Beber más, o menos, ya resulta imposible, porque ha acabado un ciclo y hay que volver al sueño reparador, a la vida eremita, al trabajo consuelo, al orden y a la neurosis, al sonido de las guitarras o al ardor de las letras.
Realmente ha sido una nueva victoria del hombre menguante, ha vuelto a enfrentarse a Medusa y ha vencido, lleva victorioso una cabeza coronada de lánguidas serpientes entre sus manos.
Lo sabe a la mañana siguiente, observando complacido que no se ha transformado en piedra ni en sal ni en cosa. Lo sabe aún en medio de su resaca emocional, resaca, otra característica del hombre menguante, que no se manifiesta en ardores, fatigas o vómitos sino en una sensación constante de irrealidad, de no estar aún estando.
El hombre menguante tiene un zafú rojo sobre el que se sienta para no meditar, en un arriesgado ejercicio de descreimiento húmedo de superstición. Obviamente ya sabe que nada sabe y que nada va a llegar a saber. Entiende perfectamente que su mente, como la de todo humano, está diseñada para volar, dispersarse libre y alegremente, para parir cientos de miles de ideas fantásticas y crear mundos formidables. Comprende que su cerebro tiene capacidad para auto preguntarse sobre cientos de cuestiones vitales para un ser alojado en un planeta demoledor y siniestro como este que lo acoge. Pero también es consciente de que está condenado al abandono, a la soledad, al hastío más absoluto, al cruel e irritante silencio de los dioses. Quizás, piensa, no existan. Quizás, piensa, ni siquiera existo yo.
Podríamos decir, en fin, que el principio fundamental de este ser es un profundo descreimiento sobre todo y todos, una certeza de vacío, una sensación, que oculta con elegancia y estilo, de total abandono a la casualidad y al caprichoso juego de bacterias, virus y moléculas. Así que solo se levanta finalmente desplegando en sus labios algo parecido a una sonrisa, enciende el ordenador, trastea, suena So What, comienza a saltar sobre el mismo sitio. Una y otra vez. Una y otra vez...
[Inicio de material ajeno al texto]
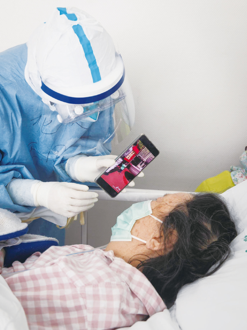 2020年3月23日,华中科技大学同济医学院附属同济医院中法新城院区,北京大学第一医院援鄂抗疫医疗队“90后”护士王周圳在帮助患者用手机与家人视频通话。 中国人口报记者 潘松刚/摄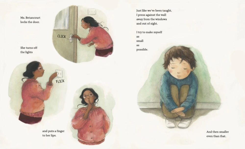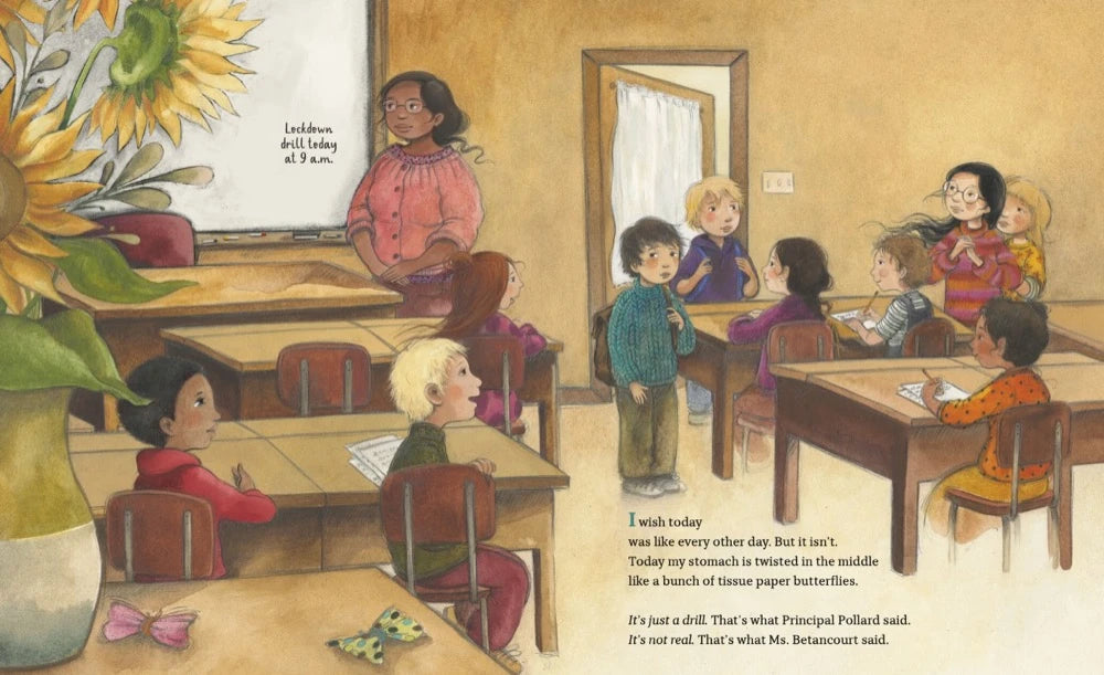 During his school's lockdown drill, Henry tries to make himself as small, and still, and quiet as possible, but even though he knows it's just a drill and it's not real, he still doesn't like it. And even when the drill is over, it doesn't feel over for him.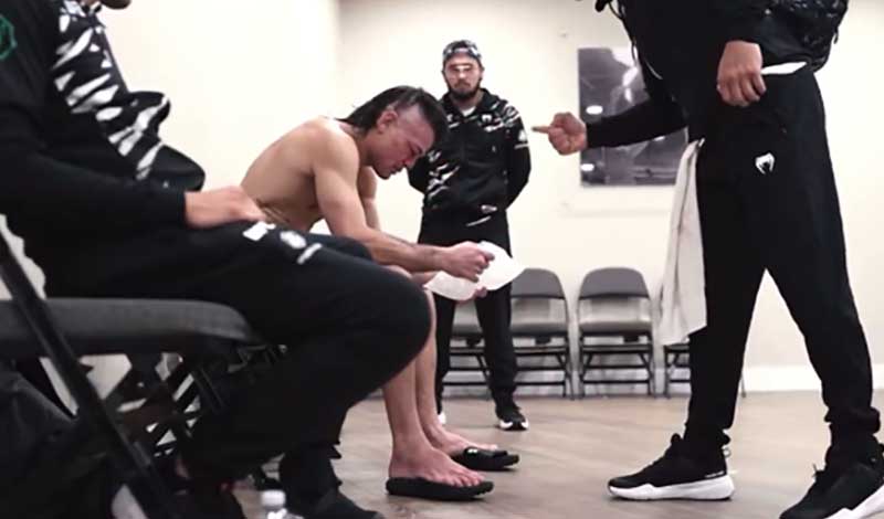 Σήμερα βλέπουμε για πρώτη φορά αντίδραση του αθλητή στα αποδυτήρια αμέσως μετά την σφοδρή μάχη που έδωσε με τον Αυστραλό πρωταθλητή.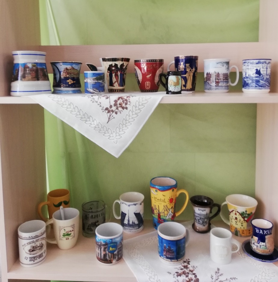 На выставке собраны чашки из городов России и Беларуси, Японии, Китая, Египта, Германии, Югославии, Латвии, Эстонии, Чехословакии, Франции, Венгрии, Азербайджана, Турции и т.д.
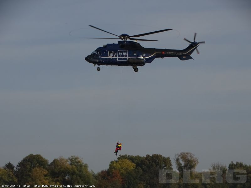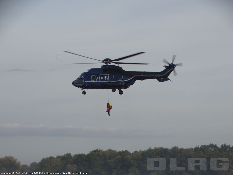 Bei dieser Übung trainierten die Organisationen aus DLRG und DRK/Wasserwacht gemeinsam mit Kräften der Bundespolizei für den Ernstfall eines Einsatzes in Hochwassergebieten, die Rettung, die Evakuierung und die Versorgung von in Not geratener Personen.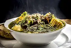 The sancocho is a typical example of a soup as a main course. In addition to fresh and salted meat, this dish contains vegetables, plantain, tubers, corn on the cob, and both sweet and regular potatoes.[15]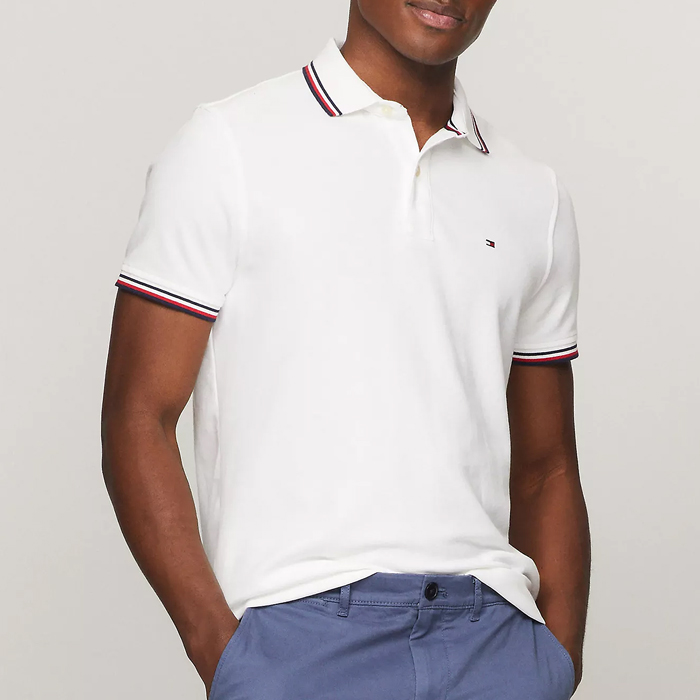 타미힐피거 남성 레귤러핏 Wicking 반팔카라티 White2

Esto es la vida, se dice, mientras observa las sartenes, la tostadora blanca, la tabla de cortar y los impolutos vasos sobre la encimera, mientras le muerde con dulzura un rayo de sol que entra por el ventanal, mientras la piedra de la pared y los compases y el fraseo de trompeta le muestran una dimensión amable sobre la que botar y botar sin miedo, con ritmo, sin vergüenza alguna ni sentido del ridículo, como un niño en un parque, como un balón loco que corre suicida bajo las ruedas de un auto, como un electrón que gira y gira sobre su átomo, solo porque sí, porque para eso fue creado, porque las cosas no necesitan ser explicadas sino solo ser, porque pensar es absolutamente prescindible y duele tanto como un orgasmo, como un disparo en el vientre, como la lectura de un cuento para niños, como la compañía de los otros, como ver morir a un animal desvalido, como existir sin saberse.